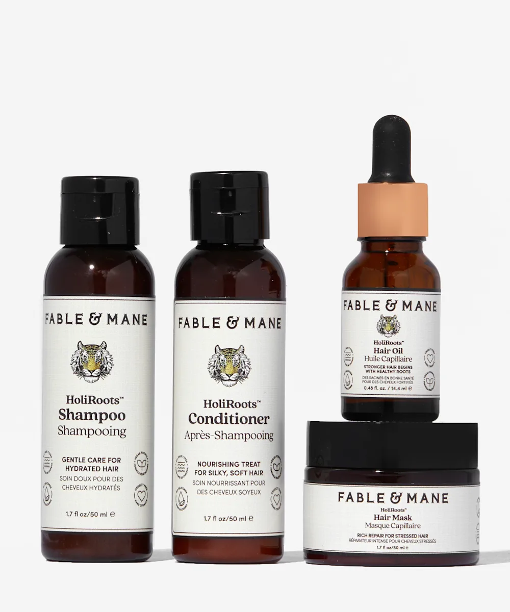 Hydrate your hair back to life with the Fable & Mane HoliRoots Good Karma Hair Set. This four-piece haircare minis set includes a hair oil, shampoo, conditioner, and hair mask, all of which are formulated to strengthen and hydrate your mane for stronger, fuller-looking hair. With a reusable pouch that allows you to take them wherever you go, so no matter where you are your hair will always get the care it needs. Good hair days pending…
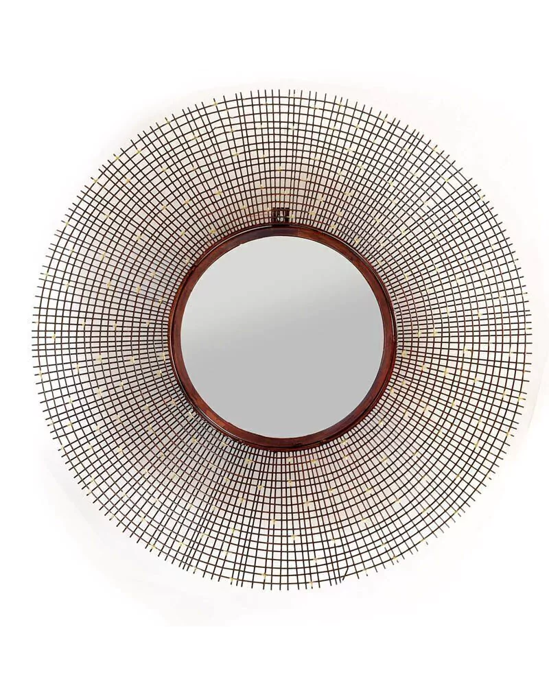 Realizado en metal con pátina cobre oscuro, este espejo originario de la India destaca por su estructura de varillas entrecruzadas, que evocan un telar abierto. Los sutiles acentos dorados entre la trama aportan brillo y profundidad. Ideal para agregar calidez, reflejos y una atmósfera contemplativa en livings, recibidores o espacios personales.
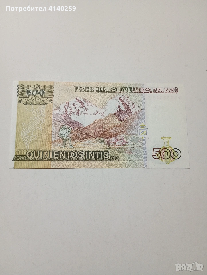 ПЕРУ БАНКНОТА 500 ИНТИ 1987 Г СЪСТОЯНИЕ НОВО ПОЛУЧАВАТЕ СНИМАНАТА БАНКНОТА РАЗГЛЕДАЙТЕ ДРУГИТЕ МИ ОБЯВИ ДА КОМБИНИРАТЕ ДОСТАВКА ЕКОНТ ЗА ВАРНА ЛИЧНО
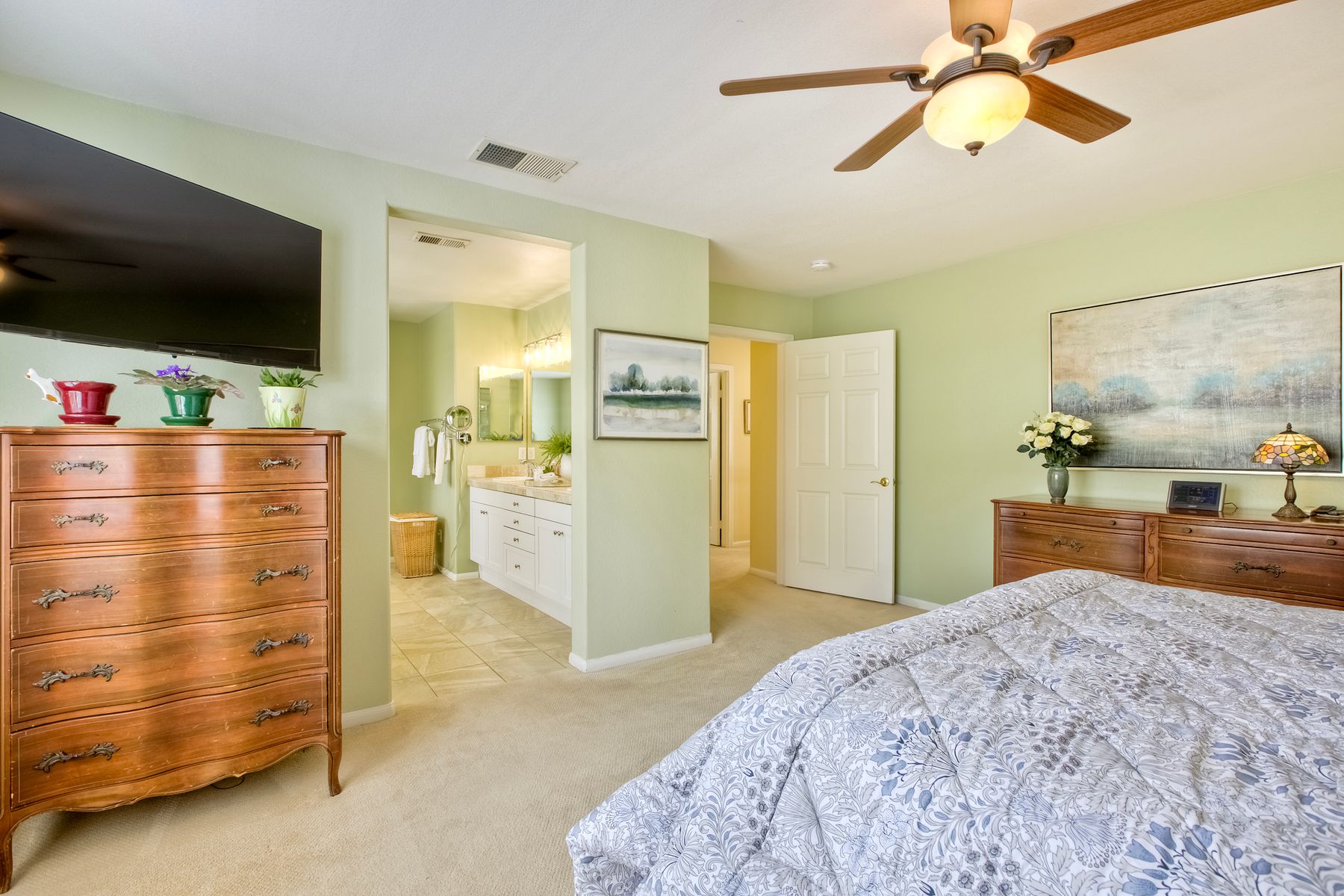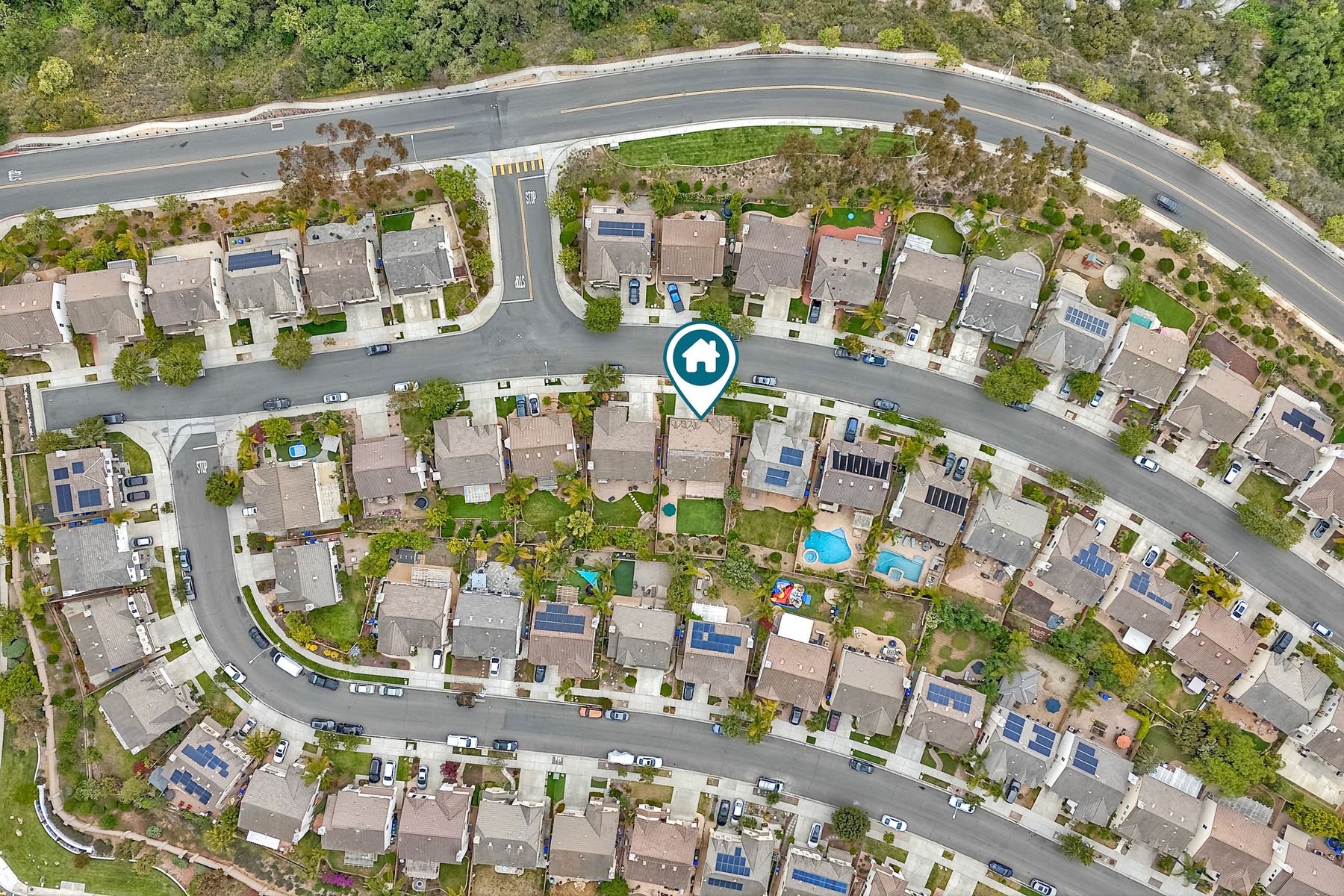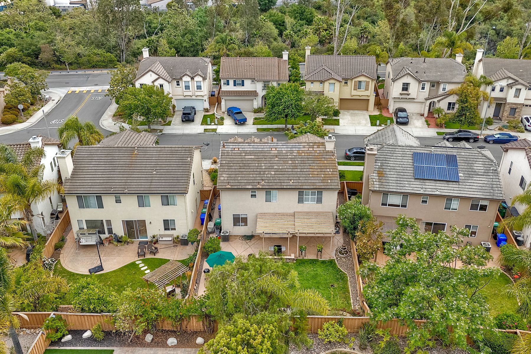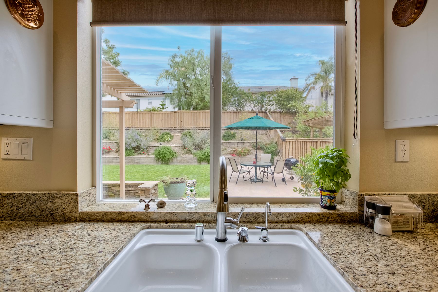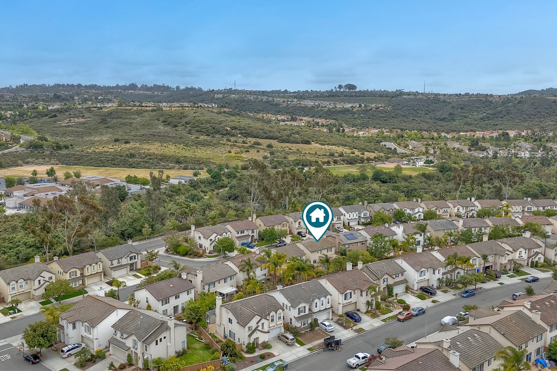 Welcome to the beautiful Morningside subdivision in Sabre Springs! Just a short walk to Creekside Elementary and close to scenic biking and hiking trails, this lovely home features a desirable layout with a downstairs bedroom and full bathroom, plus three additional bedrooms upstairs. A spacious loft provides flexibility for an additional living area, home office, or gym. The remodeled kitchen is a chef’s delight, boasting granite countertops, stainless steel appliances including a Wolf gas cooktop, JennAir convection oven, Bosch dishwasher, and a new GE microwave. The expansive primary suite includes a luxurious bathroom with a separate soaking tub, frameless glass shower with custom tile surround, dual vanity sinks, and a walk-in closet with custom organizers. Additional highlights include a whole-house fan, convenient upstairs laundry room, remodeled guest bathroom, plantation shutters, travertine tile flooring in a diamond pattern, and a cozy fireplace in the family room. This well-maintained home features $11,500 in roof repairs completed in 2023, a newer garage door, and a new water heater. You’ll love the interior lot location and beautiful curb appeal. The large backyard is perfect for gardening, relaxing, or entertaining, with multiple sitting areas featuring stamped concrete, two pergolas, a spacious lawn, and a tiered slope with stacked-stone planters.
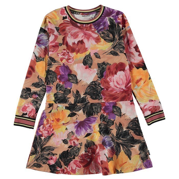 Платье тр. для девочки Molo – это идеальный выбор для весны! Изготовленное из 95% натурального хлопка и 5% эластана, оно украшено ярким цветочным принтом с крупными розами, пионами и лилиями на фоне нежного персикового цвета. Красочная и стильная модель с длинными рукавами и круглым вырезом горловины создаст неповторимый образ для вашего ребенка. На фотографиях видны аккуратные контрастные полоски по краю рукавов и нежная текстура ткани. Качество от бренда из Дании и внимание к деталям делают эту модель отличным выбором для весеннего гардероба!
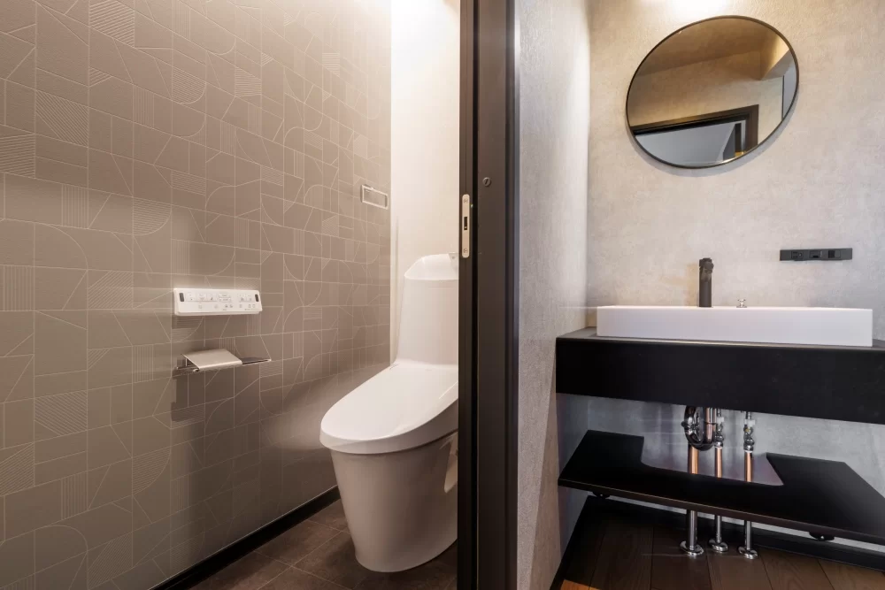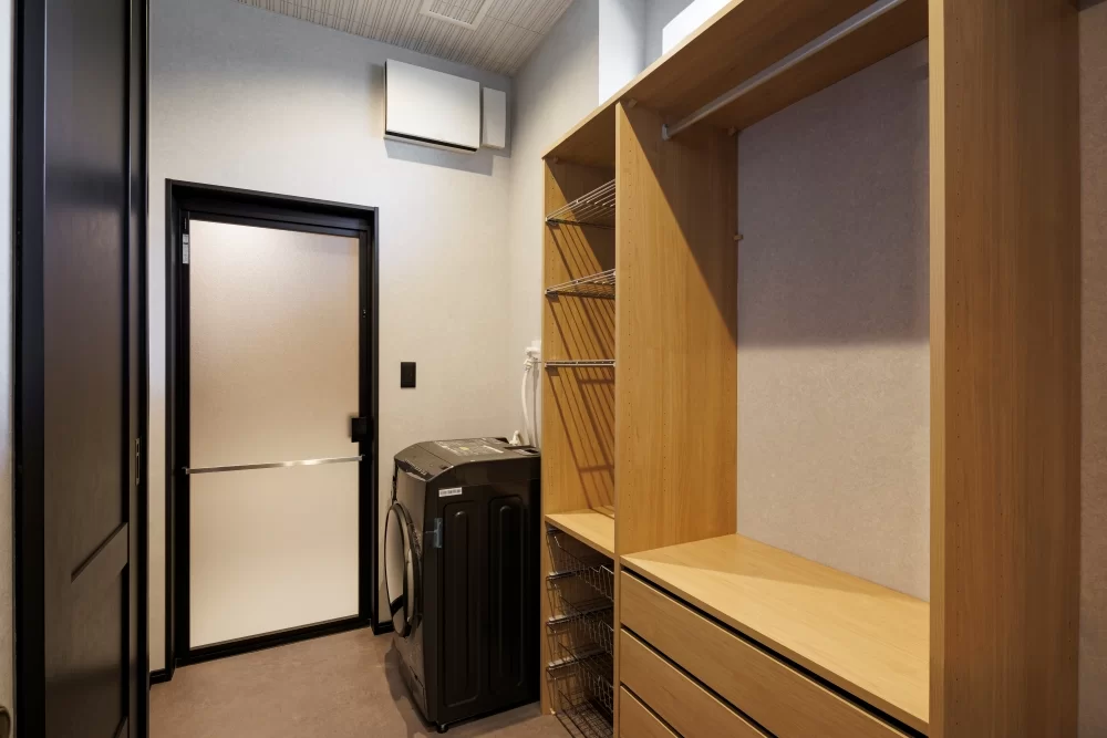 2つの洗面を備え、ブラックで統一されたスタイリッシュな空間は、朝の身支度を快適にサポートします。さらに、ユーティリティやトイレなどの水回りを集約し、家事動線にも配慮しました。
+ + + +
- _TASK INSTRUCTIONS_: Copy out, exactly and without pictures, each line from the one containing "Платье тр. для" through the final line of the entries, both ends included.

- _TASK RESULT_:
 Платье тр. для девочки Molo – это идеальный выбор для весны! Изготовленное из 95% натурального хлопка и 5% эластана, оно украшено ярким цветочным принтом с крупными розами, пионами и лилиями на фоне нежного персикового цвета. Красочная и стильная модель с длинными рукавами и круглым вырезом горловины создаст неповторимый образ для вашего ребенка. На фотографиях видны аккуратные контрастные полоски по краю рукавов и нежная текстура ткани. Качество от бренда из Дании и внимание к деталям делают эту модель отличным выбором для весеннего гардероба!
 2つの洗面を備え、ブラックで統一されたスタイリッシュな空間は、朝の身支度を快適にサポートします。さらに、ユーティリティやトイレなどの水回りを集約し、家事動線にも配慮しました。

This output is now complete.